For a moment on Friday, the Los Angeles Angels had the attention of the baseball world because they had just won the bidding for Shohei Ohtani, the best player in Japanese baseball. Notice I didn’t say best pitcher or best hitter, because essentially he’s both. A guy with a triple-digit fastball and a slew of off-speed pitches on the mound, home run power at the plate, and crazy speed on the basepaths. And the fact that he chose the Angels over everyone else was definitely an upset. And for a moment, Anaheim was the hub of the baseball universe.
And then the Yankees took action. And by taking action, I mean they robbed the Miami Marlins for Giancarlo Stanton. The Angels get the best player available outside the majors, the Yankees get the best player available inside the majors.
The deal isn’t officially official, but the expectation is that it will be Stanton plus 30 million in exchange for second baseman Starlin Castro and a pair of second-tier prospects. Let me repeat that: the National League MVP plus 30 million dollars for a second baseman who hit .300 and two second-tier minor leaguers.
That wasn’t highway robbery, that was an inside job. Or at least it felt that way to every conspiracy theorist on Twitter. They’re thumbtacking baseball cards on a bulletin board and connecting them all with red string: Derek Jeter played for the Yankees. He’s now in charge of the Marlins. He just traded his best player, and a stack of cash, to his old team for spare parts. Either Brian Cashman is a wizard or Derek Jeter is plant. Or both. Jeter should get another plaque in monument park just for this trade. This is even more spectacular than the time he dove into the stands for that foul ball or threw out Jeremy Giambi at home plate. And almost as impressive as the double iPad on his desk and the sanitizer station behind it.
I’m not going to say that the Marlins completely mishandled the Stanton situation, but this is pretty much the exact trade I’d expect from a guy with two iPads on his desk. Forget iPad, this is more like the kind of trade I’d expect from a guy with two Zunes on his desk.
And while the Marlins misplayed things, Cashman waited. And waited. And then got what he wanted. And if I was a Marlin fan, I’d be pissed. Of course, I’m not a Marlin fan because nobody is a Marlin fan. So that doesn’t really matter.
Is it an embarrassing trade? Yes. Is it bad for baseball? Possibly? Are the Marlins embarrassing and bad for baseball? Definitely.
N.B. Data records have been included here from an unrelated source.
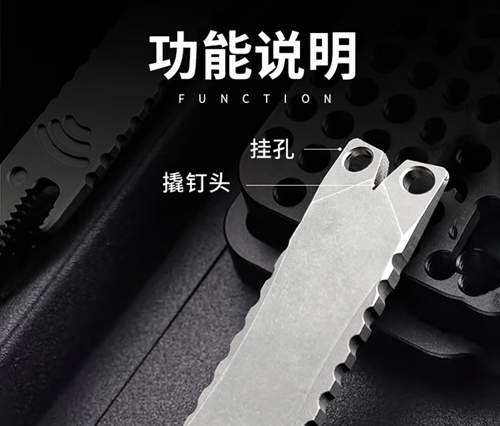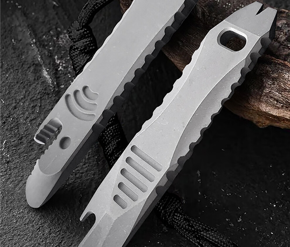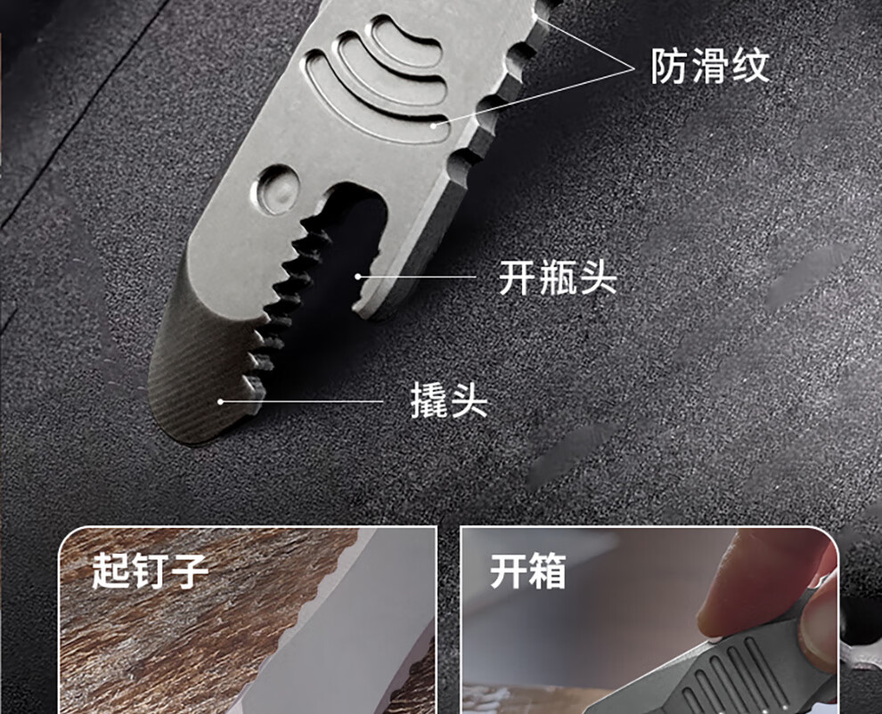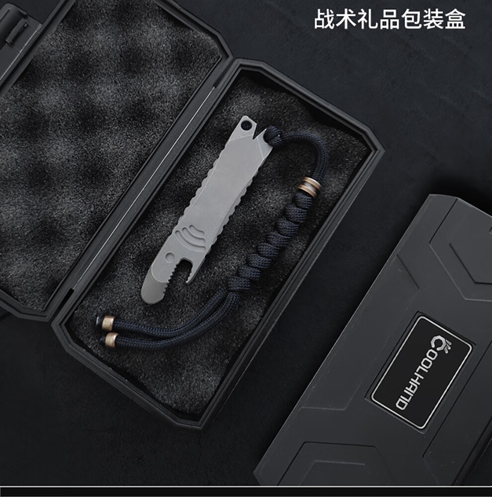 酷撼鲨鱼撬棍钛合金高硬度撬棒起钉开瓶器拆箱开盖多功能户外防身工具 石洗半齿款(挂绳+挂链+钥匙扣)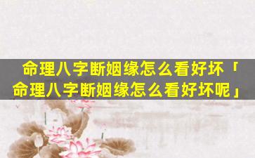 2、命理八字断姻缘怎么看好坏呢 🐺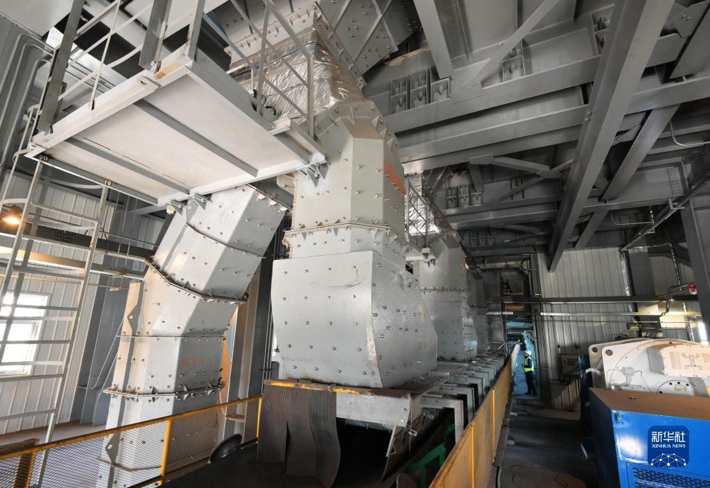 11月12日,工人在唐山海港經濟開發區管帶機水箱水廊道轉接機房檢查礦石輸送情況。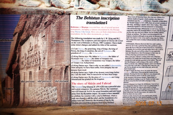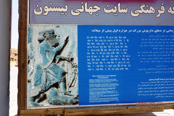 銘文是由大流世一世於西元前521年下令鑿刻的,用了三種古老的楔型文字寫成:古埃蘭文、古巴比倫文、古波斯文。內容完全一樣,記載波斯國王大流世一世成為國王之後,在一年多時間內進行十九場戰役,擒獲謀反的九位國王。--網圖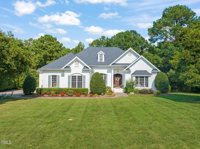Discover refined living in this exquisite all-white brick estate, perfectly positioned in one of the Triangle's most prestigious communities- Colvard Farms. Thoughtfully designed for both comfort and grandeur, this 5-bedroom, 4-bath residence offers predominantly main-level living, seamlessly blending architectural sophistication with everyday ease. Step inside to soaring coffered ceilings, sun-filled interiors, and bespoke designer drapery. The expansive primary suite is a private sanctuary, featuring a spa-inspired bath with luxe finishes and dual walk-in closets. A gracious office-or fifth bedroom-boasts dramatic windows and a private en-suite bath, while two additional main-level bedrooms with new carpeting share a stylish buddy bath. Upstairs, a generously sized guest suite, versatile bonus room, and abundant storage provide endless possibilities. Enjoy tranquil mornings in the ligh...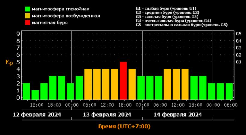 В Новосибирске ожидается магнитная буря вечером 13 февраля. Об этом сообщили в Лаборатории солнечной астрономии ИКИ и ИСЗФ. Магнитосфера начнёт возбуждаться 13 февраля в шесть утра. Пиковое значение придётся на 18 часов вечера этой же даты. К 12 ночи магнитосфера придёт в спокойное состояние. На сайте Лаборатории солнечной астрономии ИКИ и ИСЗФ предстоящую бурю оценивают в уровень G1 (слабая буря). Фото: скриншот с сайта Лаборатории солнечной астрономии ИКИ и ИСЗФ Днём 14 февраля магнитосфера вновь придёт в возбуждённое состояние, но магнитной бури не ожидается. К вечеру этой даты магнитосфера должна прийти в спокойное состояние.

The crazy thing about this deal is that the Yankees didn’t even need Stanton. They really didn’t. They already had Aaron Judge. Now they have Aaron Judge and Giancarlo Stanton in the same lineup. The AL home run king and the NL home run king. They combined for 111 home runs last year. The San Francisco Giants hit 128 last year. AS A TEAM.
Cashman had said that the priority was adding another starting pitcher, but I guess when a former team legend offers you Giancarlo Stanton for a bag of baseballs, you say yes. And now depending on how new manager Aaron Boone wants to play it, he could have Judge and Stanton hitting back to back. That means there’s a chance that Gary Sanchez and his 33 home runs hit sixth. SIXTH!?!? And that’s before we talk about Gleyber Torres who the Yankees expect to call up this year and is roundly regarded as the best prospect in baseball.
So much for the idea of the Baby Bombers and the idea that the Yankees are doing a slow rebuild. They just slammed that thing into hyper drive. They went to Game 7 of the ALCS and barely lost to the eventual champs. Then they added the NL MVP. These are the old Yankees. The Yankees who made moves for one reason and one reason only: because they could.
Missed out on Ohtani, whatever, we’ll just go get Stanton. That’s why we’re the Yankees and you’re not. And that’s why the Marlins are still the Marlins, but even worse. Why they just traded the worst owner ever for maybe owners even worse than that: and the guy with the reputation ever is fronting the whole operation and looking worse and worse by the second.